> [Data extract]

◆ ◆ ◆ ◆

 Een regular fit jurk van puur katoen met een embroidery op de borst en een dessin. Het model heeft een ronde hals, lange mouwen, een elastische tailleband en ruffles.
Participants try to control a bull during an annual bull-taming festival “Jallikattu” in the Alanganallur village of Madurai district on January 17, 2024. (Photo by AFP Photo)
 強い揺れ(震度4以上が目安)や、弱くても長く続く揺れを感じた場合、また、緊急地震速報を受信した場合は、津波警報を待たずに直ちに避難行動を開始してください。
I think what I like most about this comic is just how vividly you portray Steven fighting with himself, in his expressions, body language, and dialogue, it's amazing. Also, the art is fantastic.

◆ ◆ ◆ ◆

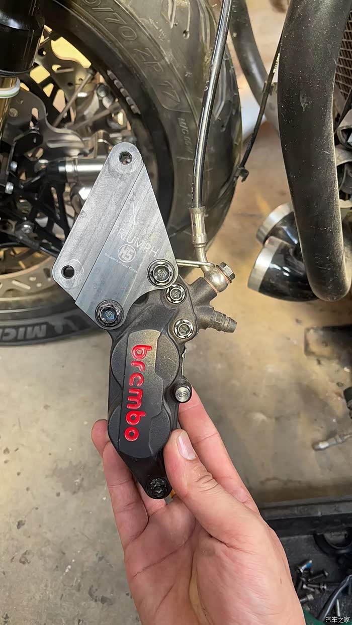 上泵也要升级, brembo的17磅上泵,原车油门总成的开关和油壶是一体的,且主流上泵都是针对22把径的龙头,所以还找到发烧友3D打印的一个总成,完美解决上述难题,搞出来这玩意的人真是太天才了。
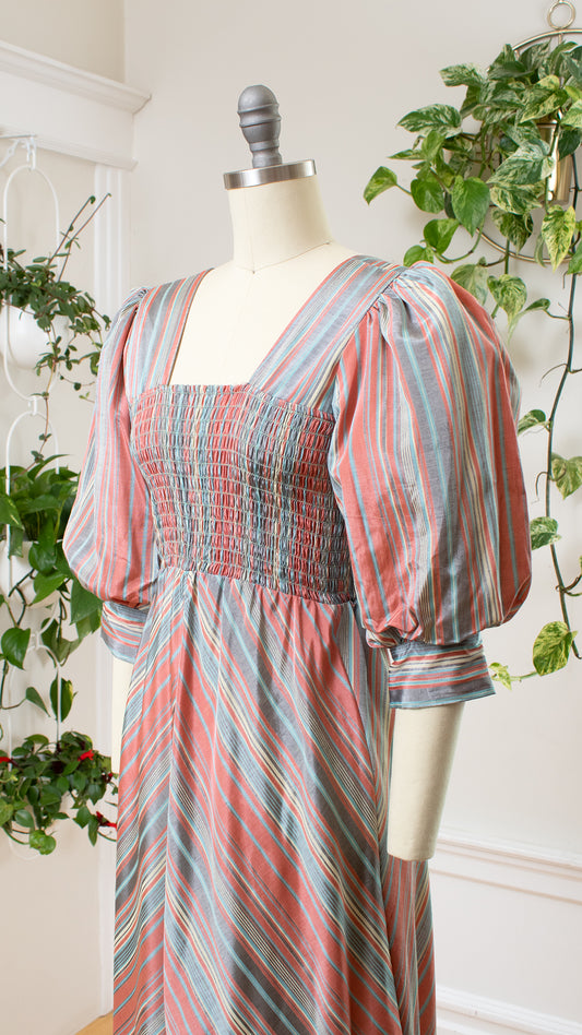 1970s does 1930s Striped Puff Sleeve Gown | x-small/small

◆ ◆ ◆ ◆

> [Action item]
Look above for the line holding "Participants try to", then set down exactly that line and every line after it up to and including the line holding "強い揺れ(震度4以上が目安)", with nothing else.

> [Answer]
Participants try to control a bull during an annual bull-taming festival “Jallikattu” in the Alanganallur village of Madurai district on January 17, 2024. (Photo by AFP Photo)
 強い揺れ(震度4以上が目安)や、弱くても長く続く揺れを感じた場合、また、緊急地震速報を受信した場合は、津波警報を待たずに直ちに避難行動を開始してください。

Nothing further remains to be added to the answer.